Богунович отступил от окна, обошел вокруг стола и сел в кресло, в котором недавно сидел Рудковский; этим не совсем осознанным жестом он как бы взял на себя руководство переговорами. Подождав, пока оба крестьянских вожака сели напротив, сказал, глядя в глаза Калачику, — нужно убедить его, ибо он совсем не так прост, как казалось раньше:

— Ваших людей нужно учить. А у меня обстрелянный полк. Помогите мне сохранить полк. — Помолчал, ожидая ответа, но они молчали, тогда он назвал главную причину, впрочем, хорошо известную им: — Люди голодают.

— Снова хлеб? — удивленно взметнул рыжие брови Калачик.

— Снова хлеб!

— А где взять? — Дед почмокал губами, покачал головой. Чмоканье это почему-то разозлило Богуновича.

— У вас пекут блины с салом. А у меня сегодня рота боевого охранения осталась без завтрака.

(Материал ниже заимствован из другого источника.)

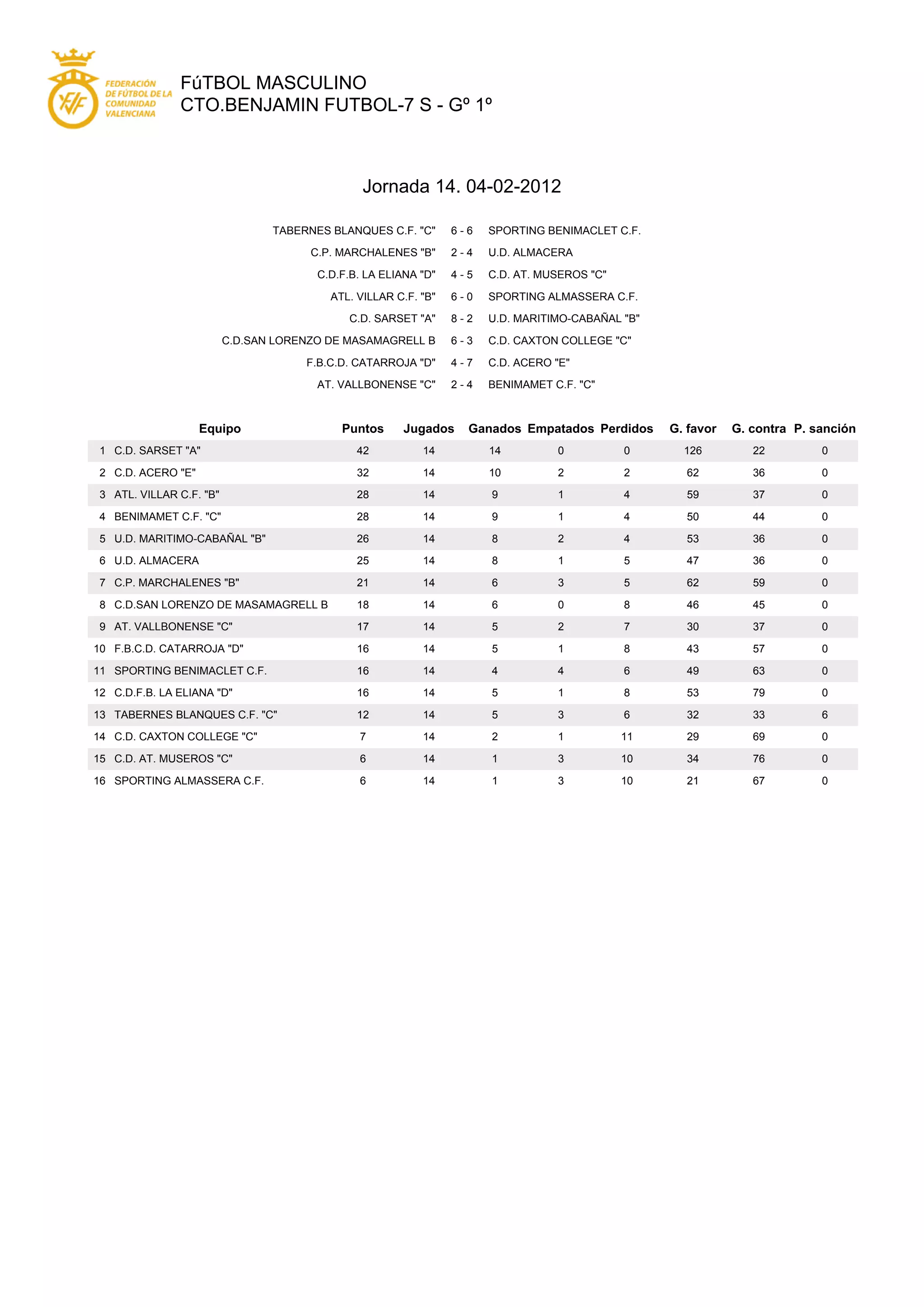 The document summarizes the results of the 14th matchday of the men's football league CTO.BENJAMIN FUTBOL-7 S - Go 1o. CD SARSET "A" is in first place with 14 wins and 0 losses. CD ACERO "E" is in second with 10 wins, 2 draws and 2 losses. ATL. VILLAR C.F. "B" is in third with 9 wins, 1 draw and 4 losses.

— Ты нас не попрекай, офицер! Блинцы наши унюхал! Ишь ты его! Мы, может, сто лет этих блинцов ждали. А роту твою… мать ее… соломой нужно кормить. Сынки Киловатого двух лучших жеребцов на немецкую сторону угнали… сегодня, ночью… Мы эту сволочь сами поймаем. Но твои куда смотрят? Вот вопрос! Какая же ты защита революции?! Из-под носа штаба коней увели!

— Не кипи, дядька Филипп, — остановил старика Рудковский и повернулся к Богуновичу. — Мы соберем хлеб для армии. Но ты дашь нам оружие! — Прозвучало это не как просьба, условие на переговорах — как ультиматум.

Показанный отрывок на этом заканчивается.